SPECIES: Corylus americana | American Hazel
WOOD PRODUCTS VALUE : NO-ENTRY IMPORTANCE TO LIVESTOCK AND WILDLIFE : The leaves, twigs, and catkins of American hazel are browsed by deer and moose [11,24]. The nuts are eaten by small mammals, northern bobwhite, ruffed grouse and other large birds, and deer [19.20]. Beaver eat the bark [20]. PALATABILITY : NO-ENTRY NUTRITIONAL VALUE : American hazel has a fairly high protein and energy value. Percentage composition (dry weight) of the nuts is as follows [32]: crude protein 25.81 crude fiber 2.10 available protein 23.25 calcium 0.28 phosphorus 0.39 COVER VALUE : NO-ENTRY VALUE FOR REHABILITATION OF DISTURBED SITES : NO-ENTRY OTHER USES AND VALUES : American hazel has been cultivated as an ornamental since 1798. It is also commercially cultivated for nut production.

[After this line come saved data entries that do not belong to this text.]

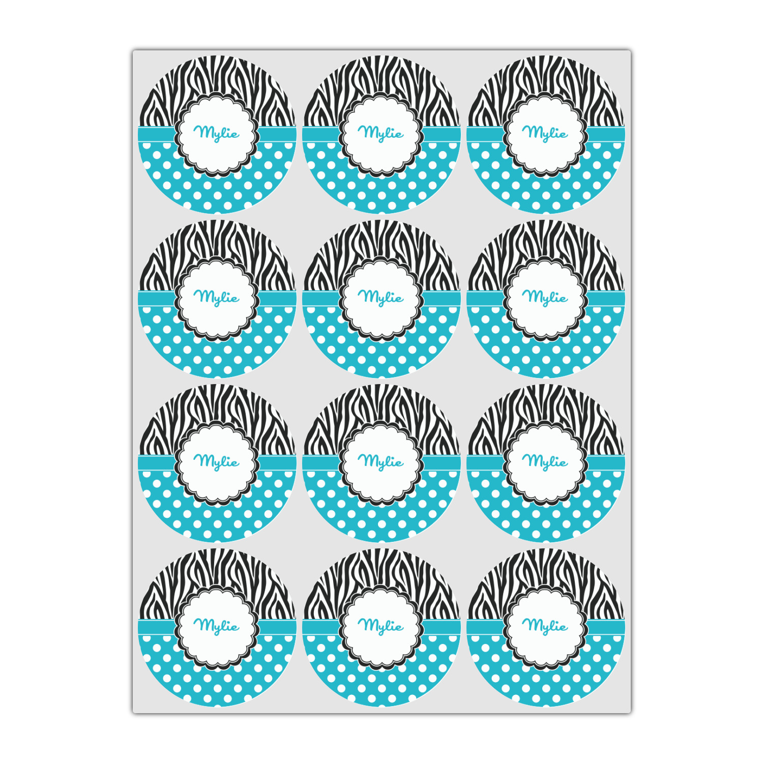 A white scalloped circle label edged in black highlights the personalization of your choice. A wide matching color band trimmed in white completes the design.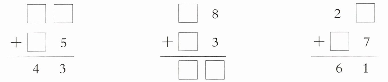 $\begin{array}{r} □\ 8\\ +□\ 3\\ \hline □ □ \end{array}\\ \hline □ □ $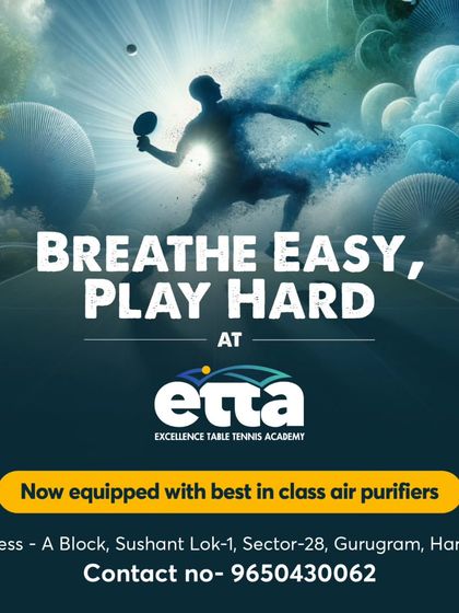 Air Purified Table Tennis Academy - Play hard, breathe easy—our Sushant Lok-1 setup has top air purifiers for a healthy environment.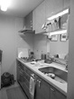 以前は対面式だったキッチンを壁付けに。白を基調にした設備を採用することで、LDと統一感をもたせている。背面には、手持ちの食器棚がきっちり収まり、収納を充実させるためにパントリーを新たに設置した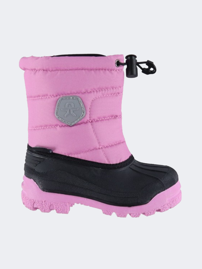 Beautiful Color Kids winter boots in black with a reflective logo on the outside of the shaft. The Color Kids winter boots have a high shaft in quilted textile, which can be tightened with an elastic cord at the top, so that cold air does not penetrate.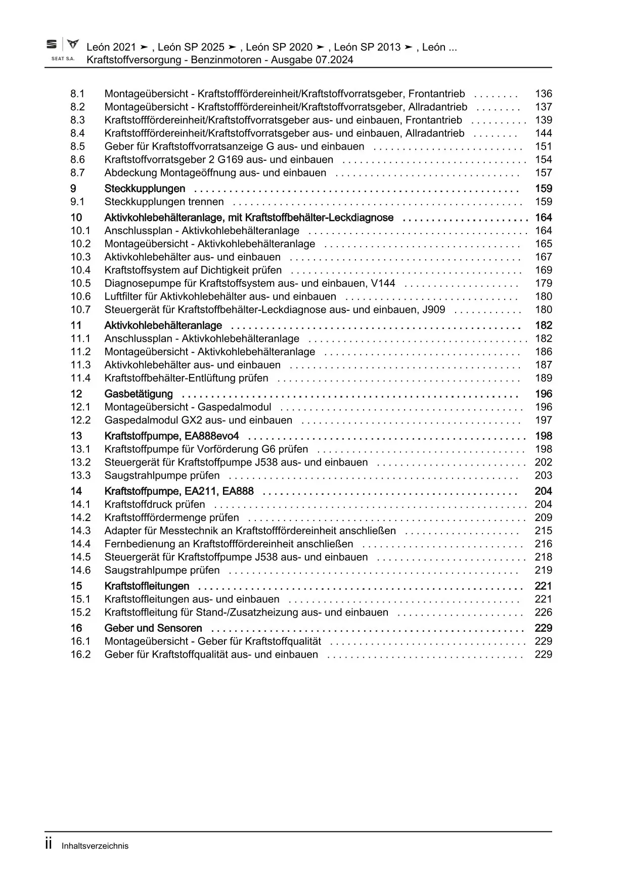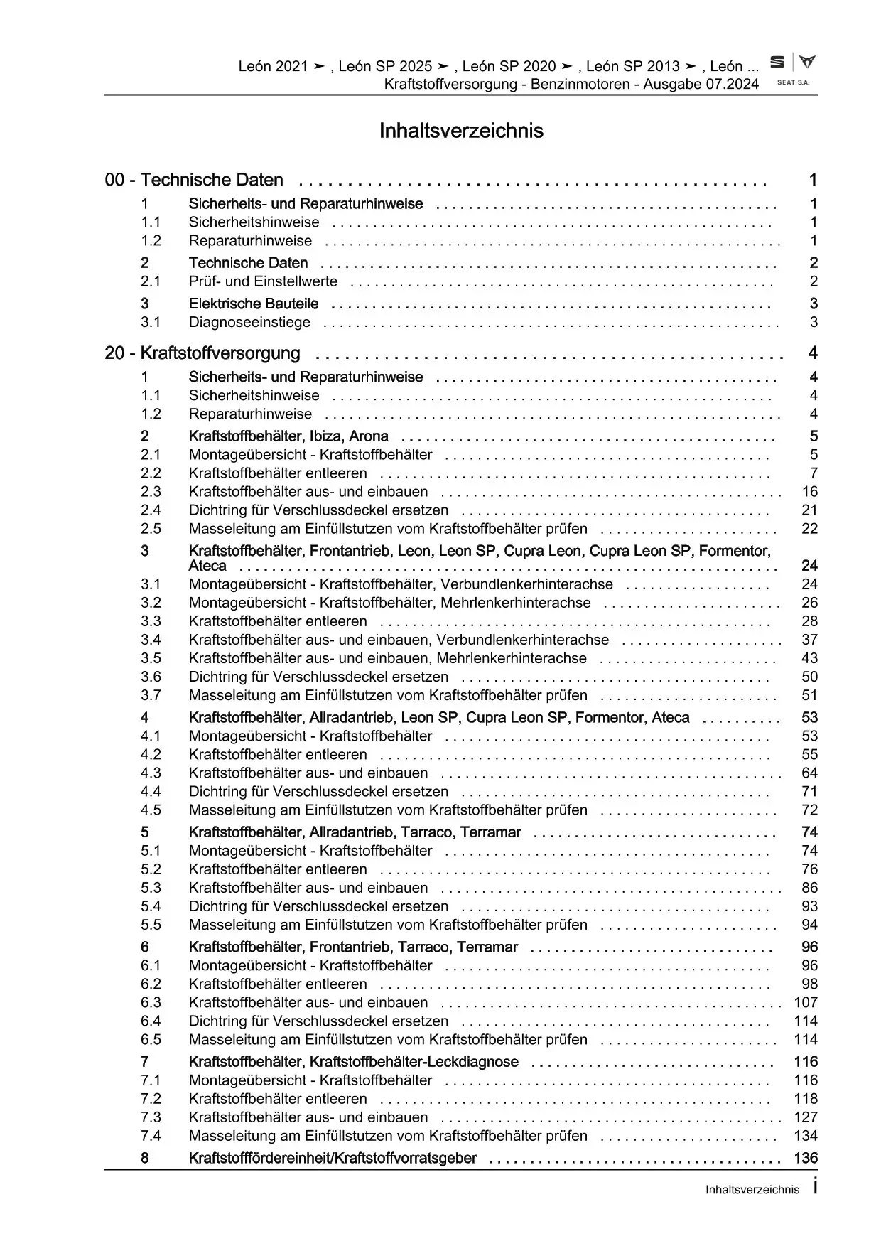 Seat Tarraco KN 2018-2024 Kraftstoffversorgung Benzinmotoren Reparaturanleitung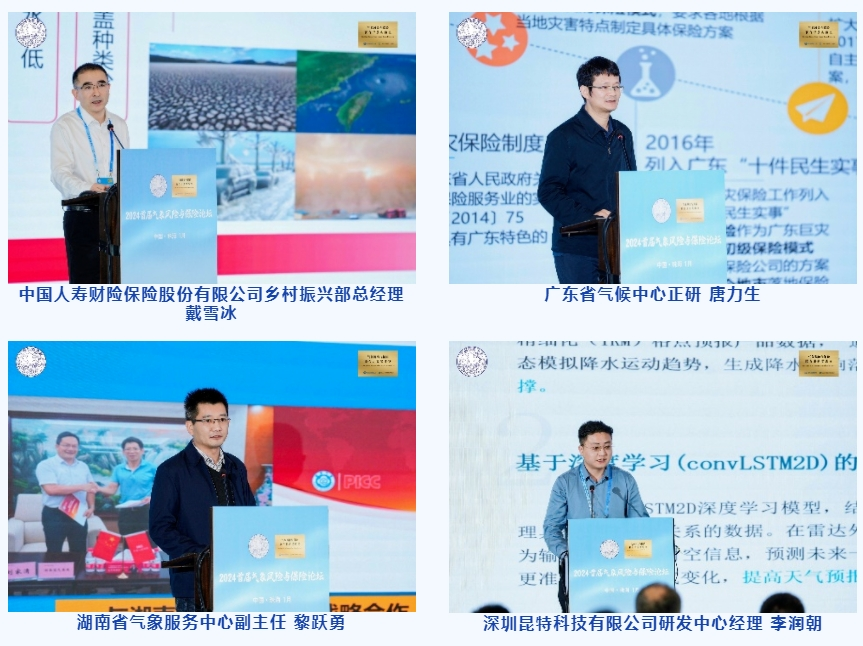 张迪副司长表示气象保险是2024年全国气象工作会议提出的重点工作任务之一,此次论坛的成功举办,正是落实全国气象工作会议精神的一项重要举措,也是落实总书记重要指示批示精神,助力金融强国战略的重要实践。下一步气象保险工作需要在三个方面加强,一是聚焦风险减量、充分挖潜,气象服务产品非常丰富,关键是如何在保险行业有效运用,要面向保险标的、保险人、被保险人需求,提升气象服务产品的针对性与精细化程度,在风险减量上发力;二是融合创新,气象在保险领域的应用场景很多,实践也很多,关键要在合作共赢的模式上有更多创新,通过总结前期合作经验教训,加强顶层设计,统筹谋划,使气象保险产品体系和重点任务更加清晰,更具指导性;三是强化科研引领,气象保险要在服务国家重大战略实施与经济社会发展中更好地发挥作用,核心在气象保险科研能力的提升,需要保险机构、高校、科研院所与气象部门的专家开展联合研发,共同促进保险气象高质量发展。

The sweet nuts may be eaten raw or ground and made into a cakelike bread [31]. The nuts were used by Native Americans to flavor soups [16]. MANAGEMENT CONSIDERATIONS : American hazel often competes with hardwoods and pines for light and moisture [25,27]. Because of shading and agressive growth, it has long been recognized as a major deterent to the successful regeneration of upland conifers [6]. American and beaked hazel (C. cornuta) are responsible for much of the failure of red pine (Pinus resinosa) regeneration in Minnesota [13]. American hazel can be controlled with herbicides [22,25].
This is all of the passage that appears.